João Camargo semplicemente rifiuta il dibattito su come superare una delle più grandi disuguaglianze sociali del mondo. Afferma: “la retorica del dibattito sulla tassazione dei 'super-ricchi' è dannosa. I brasiliani, quando costruiscono il loro patrimonio, devono essere ammirati come protagonisti di un viaggio di successo. Non rappresenta solo un esempio di realizzazione, ma contribuisce anche, in modo molto concreto, allo sviluppo nazionale. È lui che investe, si impegna, rischia, innova, crea ricchezza, genera occupazione e paga ingenti somme di tasse. È una parte fondamentale della macchina che produce la crescita economica”. Tu puoi credere…
La società trae così tanto beneficio dal valore aggiunto dai lavoratori e di cui si appropriano i ricchi? I lavoratori, creatori di questo valore nel processo di produzione di beni e servizi, sono pagati equamente in questa economia di mercato?
João Camargo propone al Congresso Nazionale di legiferare per la sua causa. Il presidente della Camera dei Deputati ha subito affermato che “il Paese non ha bisogno di un dibattito 'poveri contro ricchi' dopo essere uscito da un'elezione polarizzata”. Il rappresentante conservatore del “centrão”, Artur Lira, ha affermato che il Congresso è contrario all’aumento delle tasse…
Questa affermazione, in linea di principio, inganna gli incauti: logicamente, rifiutano l'aumento del carico fiscale su se stessi. Ma il dibattito pubblico riguarda solo l’uguaglianza fiscale ponendo fine alle esenzioni fiscali come privilegi ingiustificabili per i più ricchi del Paese.
Per avere un dibattito ben basato sui dati – e non su un’ideologia a priori – l’opinione pubblica deve sapere: la remunerazione media mensile dei membri del consiglio di amministrazione in Brasile è di 80.562 R$ nel 2023. Hanno avuto solo una media di 17 riunioni nel 2022, cioè , uno ogni mese e un altro ogni sei mesi.
Nel caso dei Consigli di Amministrazione, la remunerazione del leader del “tavola” – come Camargo – è, in media, 4,1 volte la cifra pagata agli altri componenti del gruppo: merito?
Gli amministratori delegati, a loro volta, ricevono una remunerazione media annua di 15,3 milioni di real brasiliani, compresi, oltre agli “stipendi”, generosi bonus. Questo importo è 2,9 volte quello percepito dagli altri membri del Consiglio, che raggiungono una media di 334mila R$ al mese, ovvero uno stipendio annuo di 4 milioni di R$, senza considerare i bonus. È giusto?!
Questi dati provengono dalla ricerca “Business Leadership: A study on CEOs and Boards of Director”, condotta da Vila Nova Partners e Drixx IT Advisors. Vale la pena contrapporle alla retribuzione dell’élite della pubblica amministrazione, tanto criticata perché dotata di “privilegi”.

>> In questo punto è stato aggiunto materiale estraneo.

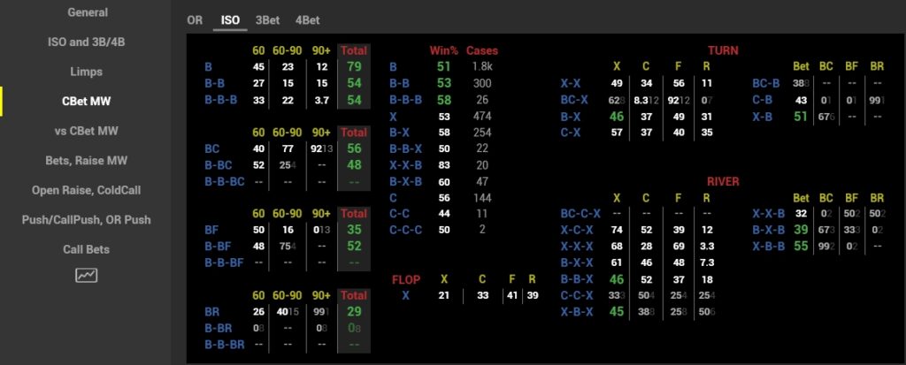 The river sizings are also displayed. It allows us to spot unpolarized river bets. This means we can bet less than pot with a near-nuts so that the opponent doesn’t fold, and bet full pot as a bluff for more fold-equity.

I leader del settore privato usano i loro ideologi nella “grande” (sic) stampa brasiliana per denunciare coloro che guadagnano vicino al tetto fissato per il settore pubblico, oggi, a 41.650 R$. Non sanno che il numero di server è ben al di sotto di questa casta di saggi tecnocrati, poiché la maggior parte riceve circa un decimo del limite.
La metà dei dipendenti statutari riceve circa 3.400 R$ al mese, ovvero meno di tre salari minimi, attualmente fissati a 1.320 R$. Circa il 70% del totale riceve al massimo fino a R$ 5.000 al mese.
I cosiddetti superstipendi superano il tetto di 41.650 R$, equivalente al reddito massimo di un giudice della Corte Suprema Federale. Questo gruppo rappresenta lo 0,06% del totale. I membri includono giudici, pubblici ministeri e pubblici ministeri. Tra R$ 27.001 e R$ 41.650, ci sono lo 0,94% dei server. Tra R$ 15.001 e R$ 27.000, 4%; tra R$ 10.001 e R$ 15.000, 5%; tra R$ 5.001 e R$ 10.000, 20%.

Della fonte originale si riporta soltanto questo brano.